Author: Stephen Sachs (Page 11 of 25)

Pornography and Prostitution, Part III: One final issue, developed late on a Thursday evening with Josh Chafetz (no, not in that way) — all of the above discussion (Part I, Part II) assumes that the money or object changing hands is uncontroversially a “thing of value.” But what if this couldn’t easily be proven? Suppose that A is the owner of an asset–shares in a private corporation, very complex financial instruments, the copyright in an as-yet-unpublished work of unspecified sentimental value (say, “The ‘Law Merchant’ and the Fair Court of St. Ives, 1270-1324“)–whose worth is not easily assessed. Whether a sex act conditioned on the transfer of this asset qualifies as prostitution might depend on how the asset is valued in court.

For instance, suppose that persons A and B sign a contract according to which A transfers the copyright to B, B transfers $500 to A, and A and B have sex. According to the Missouri definition, A has committed prostitution only if A has engaged in sexual conduct with B “in return for something of value” to be received by A or a third party C. If the copyright is worth more than $500, then neither A nor any third party C has received something of value; in fact, A lost money on the deal. Furthermore, A has “patronize[d] prostitution” only if A gives something of value to B, in return for which B engages in sexual conduct with A or a third party C. If the copyright is worth less than $500, then A has given nothing of value to B; in fact, B has lost money on the deal.
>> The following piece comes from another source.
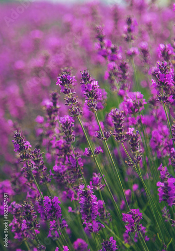 © yanadjan, Naklejka premium Lavender blossoms in a beautiful background field. Selective focus.
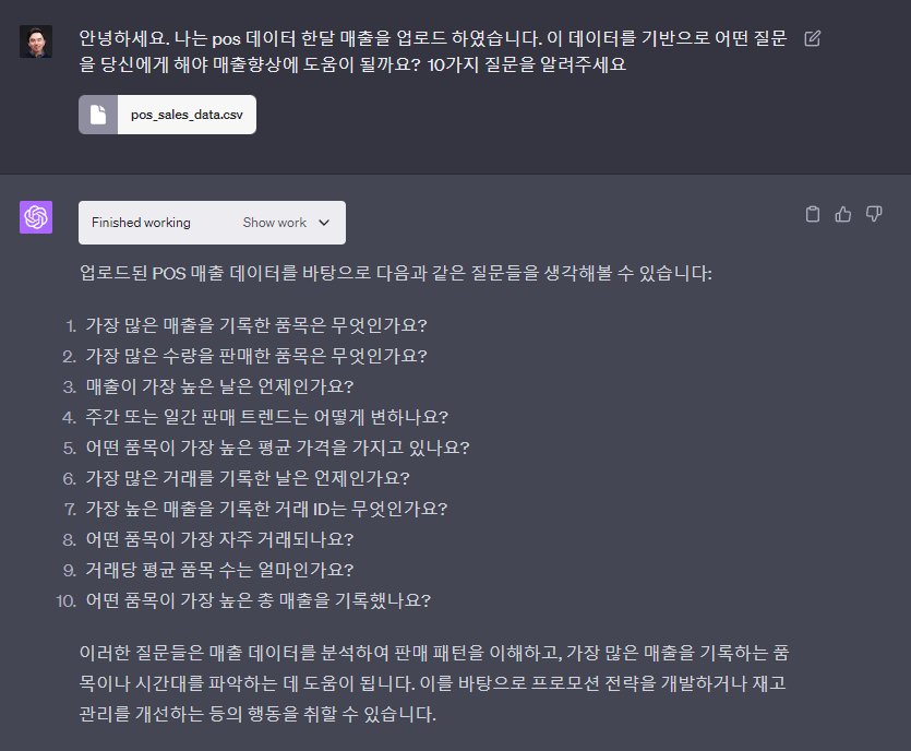 한달간의 POS 데이터를 업로드하고 이를 통해서 매출향상을 위한 10가지 질문을 알려달라고 했습니다. 이것은 예제이지만 이미 본업에서 고민하시는 포인트들이 있으시다면 해당 데이터를 올리시고 그 고민되시는 질문을 올리시면 됩니다.

So convicting A of either prostitution or patronizing prostitution will require establishing the value of the copyright beyond reasonable doubt–or at least whether or not it exceeds $500. The same logic, of course, holds true for B: either A was the prostitute and B the patron, or B was the prostitute and A the patron. It’s obvious from the nature of the transaction that A and B have both committed a crime; it’s just impossible to know which committed which. And the American legal system (as well as the drafting of the statute) requires that each person be convicted of one or the other offense. This is one of those unusual situations where the affirmative defense to a given crime is having committed an entirely different crime. (“He couldn’t possibly have been the gunman, your Honor, because he was too busy transporting minors across state lines.”) If A and B were both involved in a murder, but only one person fired the gun, it would be necessary to prove that A was guilty of murder or that A was an accessory to murder–we couldn’t simply convict him because he had done at least something bad. And even though the evidence introduced by the defense lawyer might be used against A in another trial, there might be enough uncertainty to produce a reasonable doubt in each case — in which case A would have to be acquitted on both charges. There’s also no possibility of catching A on a general conspiracy charge, at least in the case of prostitution; Missouri’s catchall “promoting prostitution” offense–Chapter 567.010(1)–only applies to someone “acting other than as a prostitute or a patron of a prostitute,” and A falls into at least one of these categories by definition.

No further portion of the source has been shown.